General properties of Laplace equation

  1. Existence and unicity

Existence and unicity

Consider problem \begin{align} & \Delta u-cu =f && \text{in }\mathcal{D}, \label{equ-25.1}\\[3pt] & u=0 && \text{on }\ \Gamma_- \label{equ-25.2}\\[3pt] & \partial_\nu u -\alpha u =0 && \text{on }\ \Gamma_+\label{equ-25.3} \end{align} where $\mathcal{D}$ is a connected bounded domain, $\Gamma$ its boundary (smooth), consisting of two non-intersecting parts $\Gamma_-$ and $\Gamma_+$, and $\nu$ a unit interior normal to $\Gamma$, $\partial_\nu u:=\nabla u\cdot \nu$ is a normal derivative of $u$, $c$ and $\alpha$ real valued functions.

Then \begin{gather*} - \int_\mathcal{D} fu\,dxdy = -\int_\mathcal{D} (u\Delta u-cu^2)\,dxdy\\[3pt] =\int_\mathcal{D} (|\nabla u|^2+cu^2)\,dxdy + \int _\Gamma u\partial_\nu u\,ds\\[3pt] =\int_\mathcal{D} (|\nabla u|^2+cu^2)\,dxdy + \int _{\Gamma_+} \alpha u^2\,ds \end{gather*} as we can integrate over $\Gamma_+$. Therefore assuming that \begin{equation} c\ge 0,\qquad \alpha \ge 0 \label{equ-25.4} \end{equation} we conclude that $f=0\implies \nabla u=0$ and then $u=\const$ and unless \begin{equation} c\equiv 0,\quad \alpha\equiv 0, \qquad \Gamma_-=\emptyset \label{equ-25.5} \end{equation} we conclude that $u=0$.

So, if (\ref{equ-25.4}) is fulfilled but (\ref{equ-25.5}) fails problem (\ref{equ-25.1})--(\ref{equ-25.3}) has no more than one solution (explain why). One can prove that the solution exists (sorry, we do not have analytic tools for this).

Theorem. If (\ref{equ-25.4}) is fulfilled but (\ref{equ-25.5}) fails problem (\ref{equ-25.1})--(\ref{equ-25.3}) is uniquely solvable.

Assume now that (\ref{equ-25.5}) is fulfilled.

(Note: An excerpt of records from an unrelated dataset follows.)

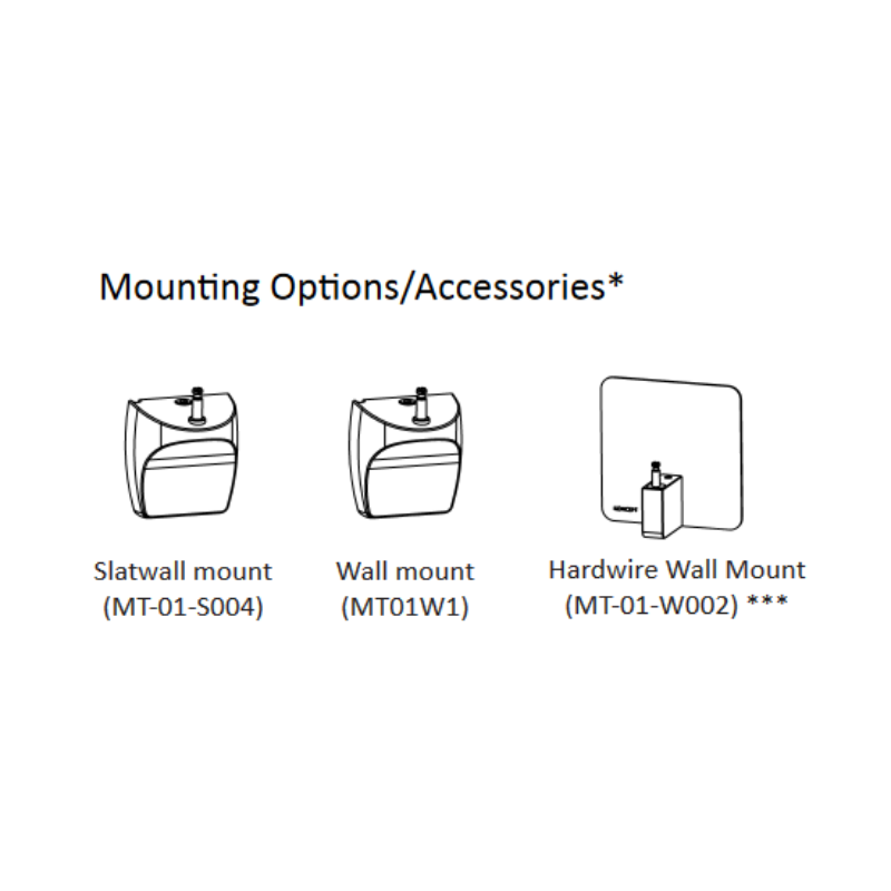 - Mounting: Slatwall Mount, Wall Mount, Hardwire Wall Mount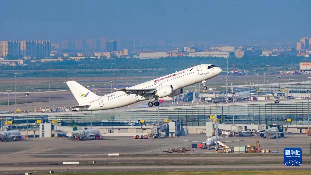 2022年5月14日6時52分,編號為B-001J的C919大飛機(jī)從上海浦東機(jī)場第4跑道起飛,于9時54分安全降落,標(biāo)志著中國商飛公司即將交付首家用戶的首架C919大飛機(jī)首次飛行試驗(yàn)圓滿完成。新華社發(fā)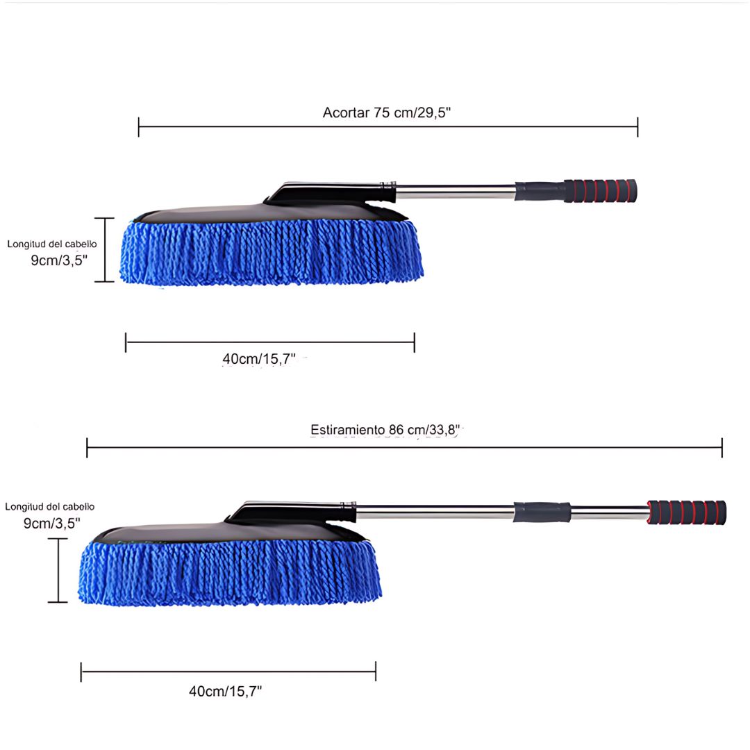 Transforma la limpieza de tu vehículo con nuestra Mopa de Lavado de Coche con Mango Telescópico, diseñada para brindarte eficiencia y comodidad sin igual. Esta herramienta versátil te permite limpiar con agua o en seco, sin necesidad de productos químicos agresivos, garantizando un cuidado seguro para tu auto y el medio ambiente.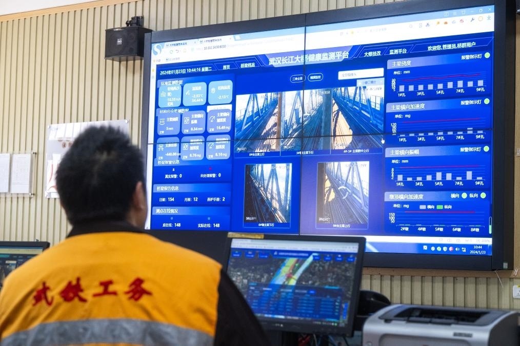 進入高鐵時代,隨著技術的發(fā)展與進步,大橋養(yǎng)修標準提升,養(yǎng)護水平不斷提高。在武漢長江大橋橋梁車間辦公樓一樓的主控室,大屏上顯示著大橋數(shù)十處關鍵處所監(jiān)控畫面,大橋上橋梁防撞監(jiān)控系統(tǒng)和橋梁健康監(jiān)測系統(tǒng)的各項數(shù)據(jù)實時更新。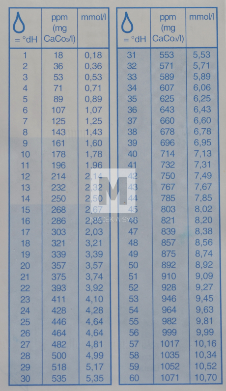 | 1 °dH = 1,7 °F | 1 °F = 0,56 °dH |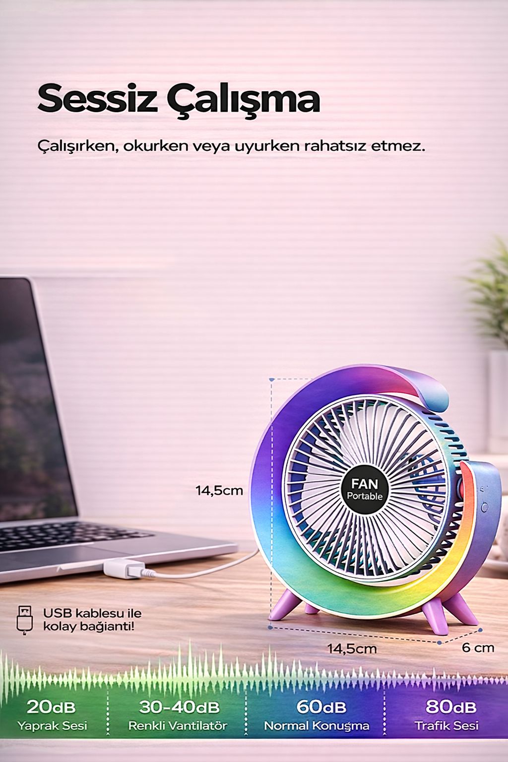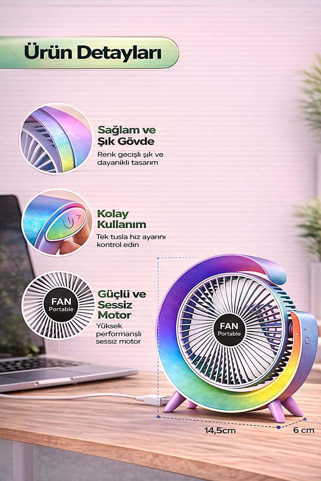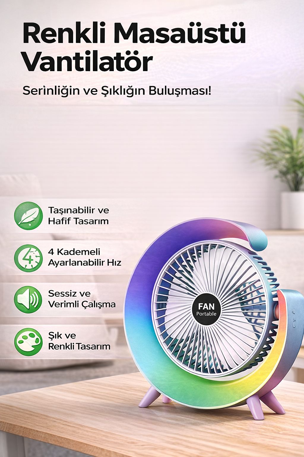 Renkli masaüstü vantilatör, şık ve modern tasarımı ile hem serinlik hem dekoratif görünüm sunan taşınabilir mini fan modelidir. USB şarjlı vantilatör özelliği sayesinde bilgisayar, powerbank ve adaptör ile kolayca kullanılabilir. 4 kademeli hız ayarlı fan yapısı ile ihtiyacınıza göre hava akışını kontrol edebilirsiniz. Sessiz çalışan mini fan, ofis, ev, çalışma masası ve yatak odasında rahatsız etmeden kullanım sağlar. Taşınabilir vantilatör kompakt ve hafif tasarımı sayesinde kolayca taşınabilir ve her ortamda kullanılabilir. Güçlü hava akışı sağlayan masa fanı, sıcak yaz günlerinde hızlı serinlik sunar. Renkli vantilatör tasarımı ile estetik görünüm sunarak masa dekorasyonuna katkı sağlar. USB fan, mini vantilatör, sessiz vantilatör ve masaüstü fan arayan kullanıcılar için en çok tercih edilen ürünler arasında yer alır. Fiyat performans vantilatör kategorisinde öne çıkan modellerden biridir.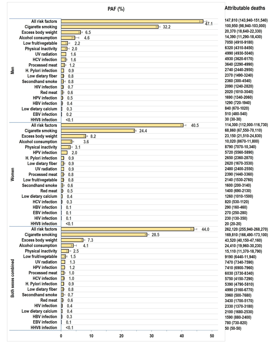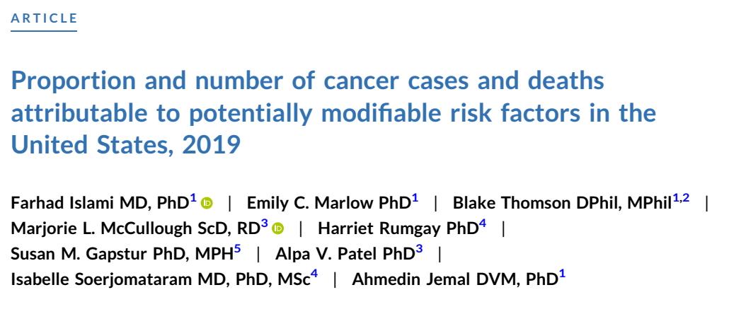 [1] Islami F, Marlow EC, Thomson B, et al. Proportion and number of cancer cases and deaths attributable to potentially modifiable risk factors in the United States, 2019. CA Cancer J Clin. 2024;1‐28.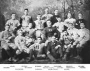 The 1886 Harvard Crimson football team represented Harvard University in the 1886 college football season. The team finished with a 12–2 record and outscored opponents 765 to 41 under first-year head coach Frank A. Mason.[1][2] On November 3, 1886, in a game played at Exeter, New Hampshire, the Crimson defeated the team from Phillips Exeter Academy by a score of 158-0, the highest point total ever achieved in a football game to that point.[3] The team's two losses were against rivals Princeton (0–12) and Yale (4–29). Princeton and Yale are recognized by various selectors as the 1886 national champions.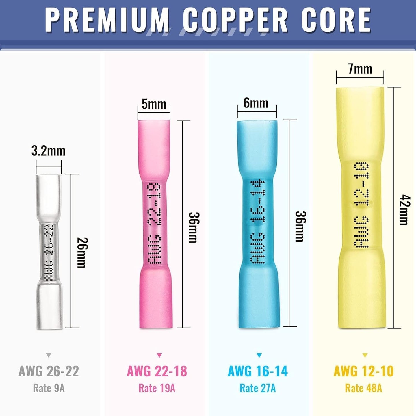 - Type: Butt Connector (end-to-end splice) with heatshrink insulation.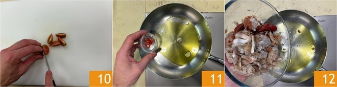 Waschen Sie die Tomaten und schneiden Sie sie in Spalten 10. Erwärmen Sie in einer Pfanne etwas Olivenöl mit dem Knoblauch und der Chilischote 11. Geben Sie alle Reste von der Reinigung der Garnelen und der Krebse hinzu 12.

Then $u=C$ is a solution with $f=0$. So, problem has no more than one solution modulo constant. Also \begin{equation*} \int_\mathcal{D}f\,dxdy= \int_\mathcal{D}\Delta u\,dxdy= -\int_\Gamma \partial_\nu u \,ds \end{equation*} and therefore solution of \begin{align} & \Delta u =f && \text{in }\ \mathcal{D},\label{equ-25.6}\\[3pt] & \partial_\nu u =h && \text{on }\ \Gamma\label{equ-25.7} \end{align} does not exist unless \begin{equation} \int_\mathcal{D}f\,dxdy+\int_\Gamma h \,ds=0. \label{equ-25.8} \end{equation} One can prove that under assumption (\ref{equ-25.8}) the solution exists (sorry, we do not have analytic tools for this).

Theorem. If (\ref{equ-25.5}) is fulfilled problem (\ref{equ-25.6})--(\ref{equ-25.7}) has a solution iff (\ref{equ-25.8}) is fulfilled and this solution is unique modulo constant.